Due to a board vacancy, Lisa Kaylie was appointed to the Chapel Hill-Carrboro City Schools Board of Education on Feb. 18.
Kaylie, former chairperson of CHCCS’s Special Needs Advisory Council, said she has always been interested in public education.
“I’m someone who believes that if you want something to be better, you should put in the work,” Kaylie said.
In the November 2020 election, Amy Fowler was elected to the Orange County Board of County Commissioners, leaving her seat on the CHCCS Board of Education empty.
Jeff Nash, public information officer for CHCCS, said in the case of a board vacancy, board members can choose to fill the position by appointing someone or leave it unfilled.
Nash said the remaining six board members created an application process open to anyone in the community. Over 20 people applied, but only 12 were invited to have a public interview with the board.
Once narrowed down to two applicants, Kaylie and Carmen Huerta-Bapat, a global studies professor at UNC, the board voted three times — each ending in a tie. Chairperson Jillian La Serna suggested a coin flip, and four board members approved the motion, with members Joal Broun and Mary Ann Wolf voting no.

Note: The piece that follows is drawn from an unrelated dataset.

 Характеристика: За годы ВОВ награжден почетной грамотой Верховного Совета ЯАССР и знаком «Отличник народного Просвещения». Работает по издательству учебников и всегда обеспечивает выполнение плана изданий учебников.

"I am struggling with a coin flip, I don't have a better suggestion, but I am struggling with it," Wolf said at the meeting.
Nash said the board felt the two remaining candidates who kept receiving tied votes were equally qualified.

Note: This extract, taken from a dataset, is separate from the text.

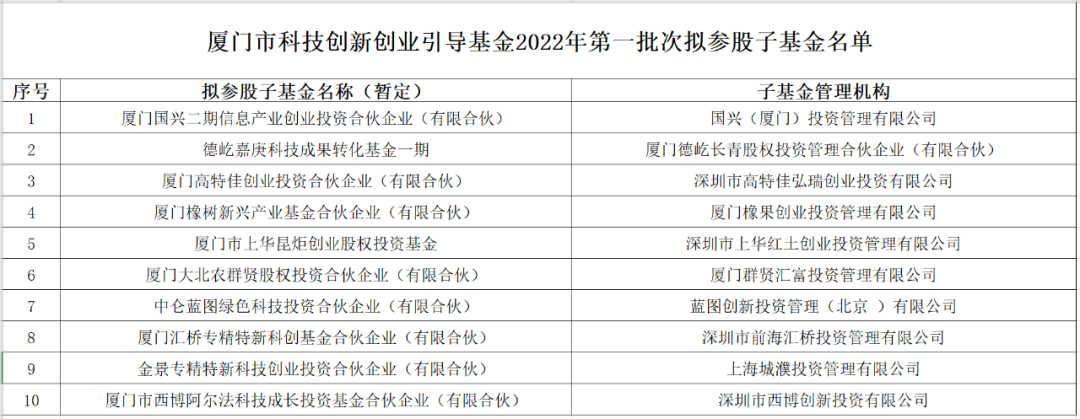 本次厦门科创引导基金共出资10支子基金,分别为:

"Very strong candidates lead to a situation where it's very hard to select," La Serna said at the meeting.
The Special Needs Advisory Council’s current chairperson, Lindsay Bedford, said the council is a group that helps parents, district and school staff work collaboratively on the improvement of the quality of education for students with special needs in the district.
Kaylie is a mother of a special needs student in a Chapel Hill-Carrboro City School, and the council president of PTA.
“My older son is on the autistic spectrum,” Kaylie said. “When we first moved to Chapel Hill, he was entering kindergarten and he did not have the best entry experience.”
Because of her role as former SNAC chair and a member of the PTA, Kaylie was already acquainted with the board, Nash said.
Kaylie said she looks forward to her formal swearing-in on March 4, when she becomes an official member of the board, so she can get to work on her goals for the district. Her goals include improving the safety of students as they go back to in-person schooling, increasing equity within the district and encouraging greater community involvement.
“Public education did not create the opportunity gap and it cannot fix the opportunity gap alone,” Kaylie said. “We need other parts of the community to step up. It hurts me to see it blamed for the failure I don’t think are really the failures of public education but of society overall.”